Key Features of the Platform Would Include:
- Seamless Product Issuance and Management: Standardised infrastructure and operating models would simplify the creation, issuance and ongoing management of digital gold products, reducing operational complexity.
- Ease of Trade: By standardising processes, Gold as a Service aims to increase digital gold’s fungibility, allowing it to function as a single asset with consistent value and legal rights across the ecosystem.
- Embedded Trust and Assurance: Continuous reconciliation, audit and assurance would be built into shared infrastructure, strengthening confidence in digital gold by supporting consistent proof of physical backing and clearly defined ownership and redemption frameworks.
- Interoperability by Design: Shared infrastructure would enable digital gold products to integrate more easily with existing financial market infrastructure and emerging digital rails, improving mobility across platforms, venues and use cases.
- Broader Utility: As fungibility and liquidity improve, digital gold could extend beyond its traditional role as a diversifier and store of value.

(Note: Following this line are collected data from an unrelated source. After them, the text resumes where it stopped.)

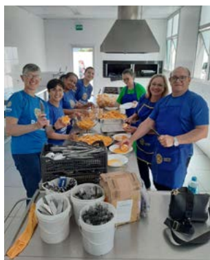
DEDICAÇÃO: companheiros prepararam tudo
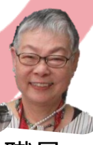
まちづくりセンター職員
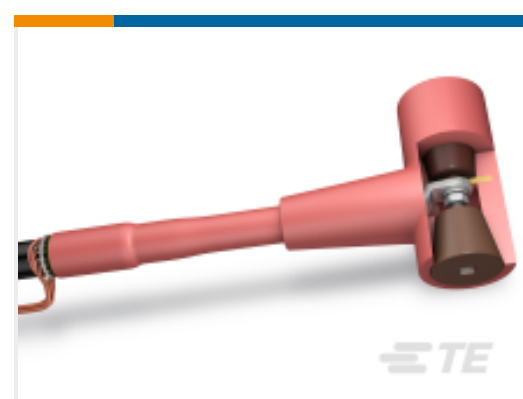
TE 产品编号555340-070 RICS-5123
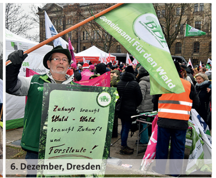
6. Dezember, Dresden

Rahmenbedingungen sind inakzeptabel. Wir kämpfen weiter für eine bessere Zukunft und mehr Investitionen in die Bildung!“
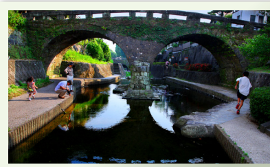
Takase Meganebashi 高瀨 眼鏡橋
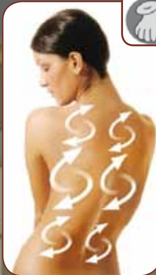
KNETEN / KNEADING

Rhythmisch starkes Kneten. Besonders zu empfehlen bei verspannten Muskeln. Rhythmical strong kneading-relaxation. Especially for relaxation of stiff muscles.
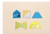
<フローチイメージ>

24日(土)は古紙にマスキングテープや絵具などをペイントしてつくるオリジナルフローチづくり、25日(日)はカラフルな毛糸やこだわりのヒモを使ったハンギングプランターづくりのワークショップを開催します。
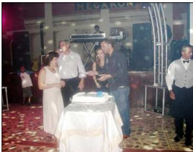
A hora dos parabéns

O presidente, após o discurso, recebeu os parabéns de todos os presentes. Em um telão foram transmitidas homenagens de familiares e colaboradores a Egelte e ao Presidente Egidio Comin.
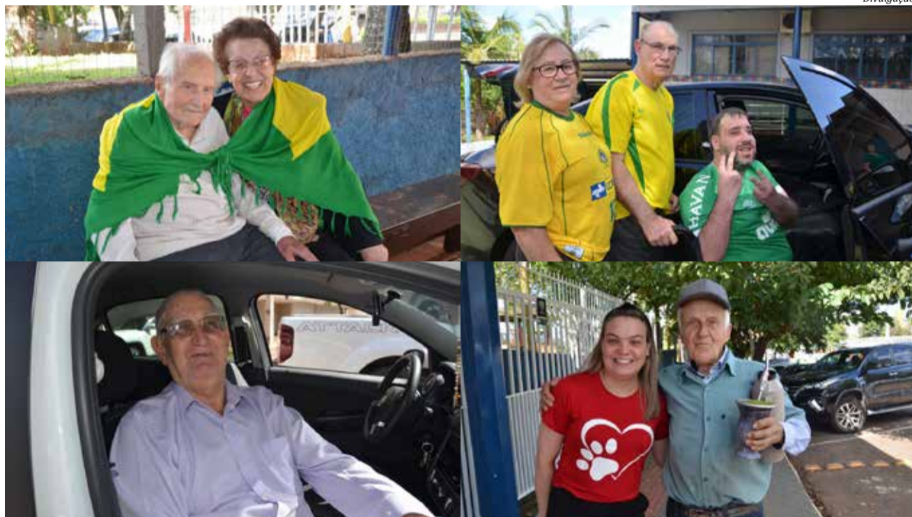
Muitos eleitores que não precisavam mais votar pela idade fizeram questão de comparecer às urnas
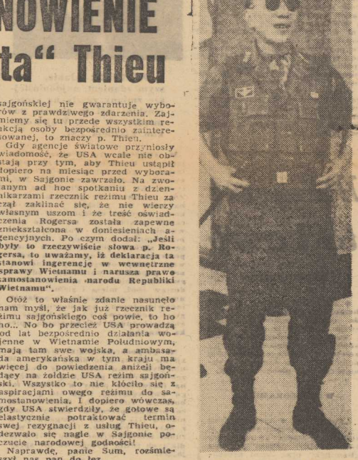
(Z. W.) NA ZDJĘCIU — „prezydent” Thieu

UWAGA CZYTELNICI! W niedzielnym numerze „Kuriera” zamieścimy obszerny, całostronicowy poradnik-informator dla wszystkich wybierających się do NRD.
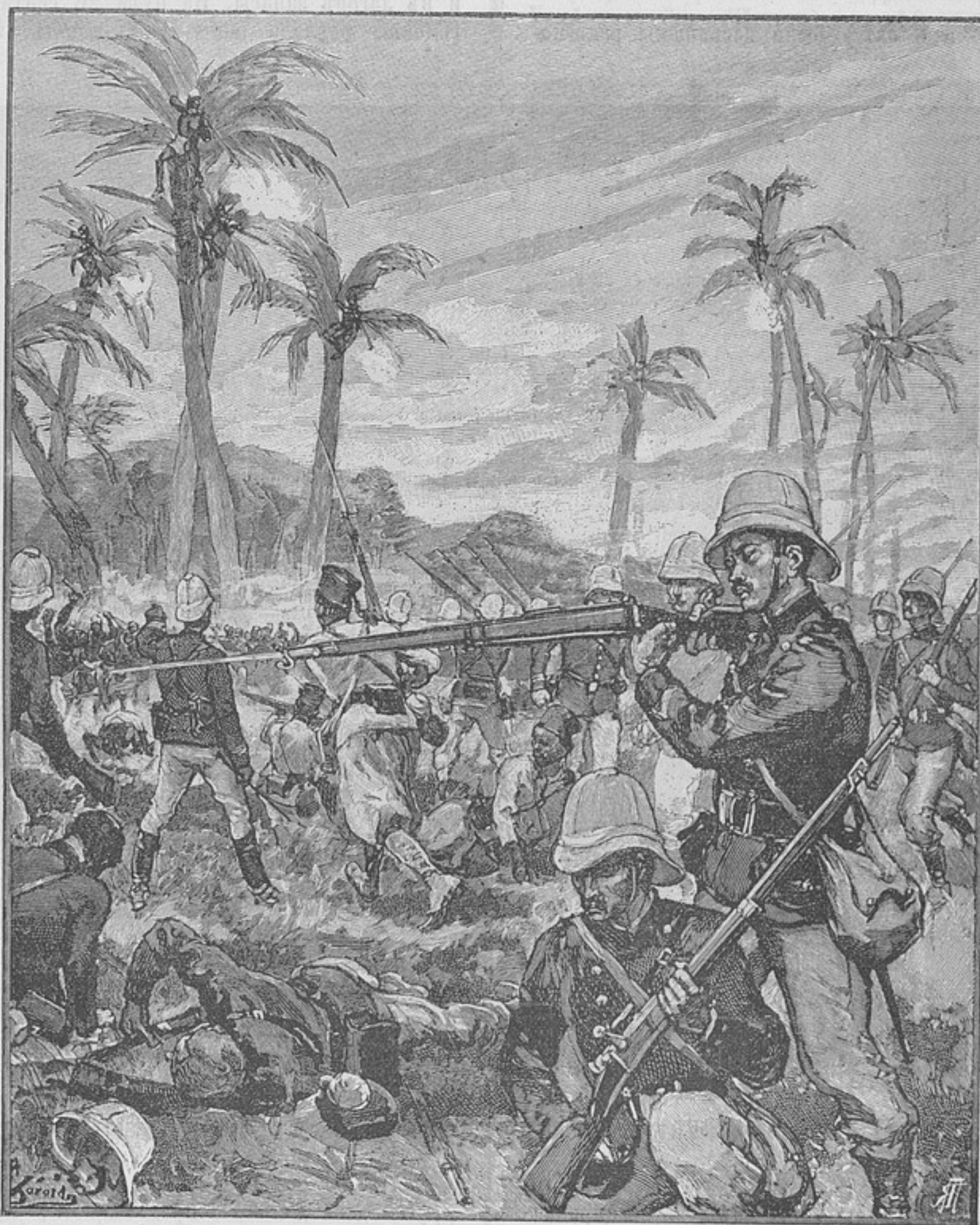
Сраженіе при м. Догба.

Во время наступленія Додса къ Канѣ, дагомейцы производили набѣги на коммуникаціонную линію не только мелкими партіями, но иногда и значительными. Такъ, 12 (24) сент. отрядъ изъ 600 дагомейцевъ, вооруженныхъ скорострѣльными

Gold can become deployable capital, enabling new use cases like pledging gold as collateral for borrowing.

David Tait, Chief Executive Officer, World Gold Council commented:
“Financial services are undergoing a rapid and pervasive digital transformation and gold must also evolve to maintain its role in the global financial system. Gold as a Service is the latest step in the World Gold Council’s digital gold innovation programme, designed to strengthen trust, transparency and market efficiency. Shared infrastructure can help gold become more accessible, more easily traded and fully integrated into modern financial systems — ensuring it remains as relevant tomorrow as it has been for millennia.”
Matthias Tauber, Managing Director and Senior Partner, BCG added:
“The question is no longer whether gold will be digital, it’s how it can participate in modern financial systems without compromising physical integrity. Together with the World Gold Council, we explored what it takes to build trusted rails for digital gold, at market scale.”

The World Gold Council is calling for innovators and market participants from inside and outside the gold industry to convene, challenge and contribute to the development of this shared infrastructure that the WGC will build.